EXERCISE AIM — Only a slice of the listing below is wanted. Retype the lines from the one containing "首先大家一同乘車(chē)到" through the one containing "A group of four", exactly, both ends included.

INPUT FOR THIS TASK —

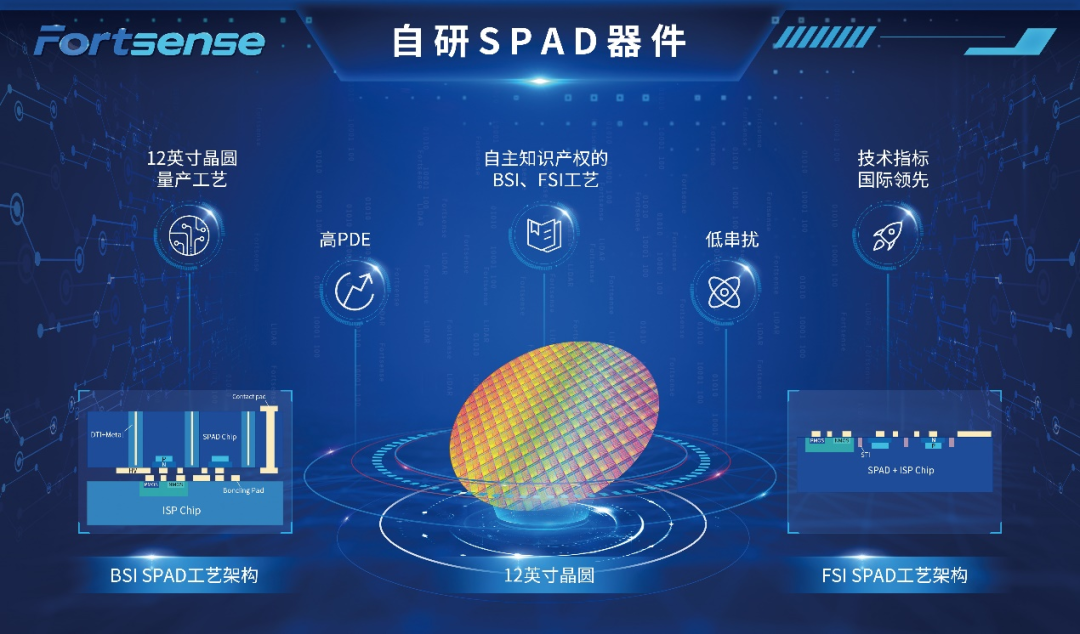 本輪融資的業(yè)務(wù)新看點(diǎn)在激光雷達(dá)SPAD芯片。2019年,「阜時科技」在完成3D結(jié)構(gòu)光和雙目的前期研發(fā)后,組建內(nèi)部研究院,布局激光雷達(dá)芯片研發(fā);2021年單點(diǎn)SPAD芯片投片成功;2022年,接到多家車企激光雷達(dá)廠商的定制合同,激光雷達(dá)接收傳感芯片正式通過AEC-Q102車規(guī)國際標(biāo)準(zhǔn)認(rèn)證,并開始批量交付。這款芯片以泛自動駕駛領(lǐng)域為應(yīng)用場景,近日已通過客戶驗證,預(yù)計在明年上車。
* * *
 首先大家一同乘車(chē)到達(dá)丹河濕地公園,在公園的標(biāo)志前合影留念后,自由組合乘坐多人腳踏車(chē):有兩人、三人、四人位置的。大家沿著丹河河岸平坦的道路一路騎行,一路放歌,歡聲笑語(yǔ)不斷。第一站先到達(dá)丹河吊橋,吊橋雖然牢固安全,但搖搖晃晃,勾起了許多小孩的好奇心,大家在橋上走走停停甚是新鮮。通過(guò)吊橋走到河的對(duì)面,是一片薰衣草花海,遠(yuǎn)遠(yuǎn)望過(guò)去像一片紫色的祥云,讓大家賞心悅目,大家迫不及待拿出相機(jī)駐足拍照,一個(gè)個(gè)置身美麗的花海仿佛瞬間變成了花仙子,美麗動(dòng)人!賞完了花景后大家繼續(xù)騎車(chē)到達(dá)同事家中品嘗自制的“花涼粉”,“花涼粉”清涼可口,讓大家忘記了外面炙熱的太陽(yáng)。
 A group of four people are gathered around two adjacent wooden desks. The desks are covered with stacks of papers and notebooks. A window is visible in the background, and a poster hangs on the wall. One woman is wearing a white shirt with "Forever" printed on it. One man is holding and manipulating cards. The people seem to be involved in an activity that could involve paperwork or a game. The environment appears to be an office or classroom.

SOLUTION TO THIS EXERCISE —
 首先大家一同乘車(chē)到達(dá)丹河濕地公園,在公園的標(biāo)志前合影留念后,自由組合乘坐多人腳踏車(chē):有兩人、三人、四人位置的。大家沿著丹河河岸平坦的道路一路騎行,一路放歌,歡聲笑語(yǔ)不斷。第一站先到達(dá)丹河吊橋,吊橋雖然牢固安全,但搖搖晃晃,勾起了許多小孩的好奇心,大家在橋上走走停停甚是新鮮。通過(guò)吊橋走到河的對(duì)面,是一片薰衣草花海,遠(yuǎn)遠(yuǎn)望過(guò)去像一片紫色的祥云,讓大家賞心悅目,大家迫不及待拿出相機(jī)駐足拍照,一個(gè)個(gè)置身美麗的花海仿佛瞬間變成了花仙子,美麗動(dòng)人!賞完了花景后大家繼續(xù)騎車(chē)到達(dá)同事家中品嘗自制的“花涼粉”,“花涼粉”清涼可口,讓大家忘記了外面炙熱的太陽(yáng)。
 A group of four people are gathered around two adjacent wooden desks. The desks are covered with stacks of papers and notebooks. A window is visible in the background, and a poster hangs on the wall. One woman is wearing a white shirt with "Forever" printed on it. One man is holding and manipulating cards. The people seem to be involved in an activity that could involve paperwork or a game. The environment appears to be an office or classroom.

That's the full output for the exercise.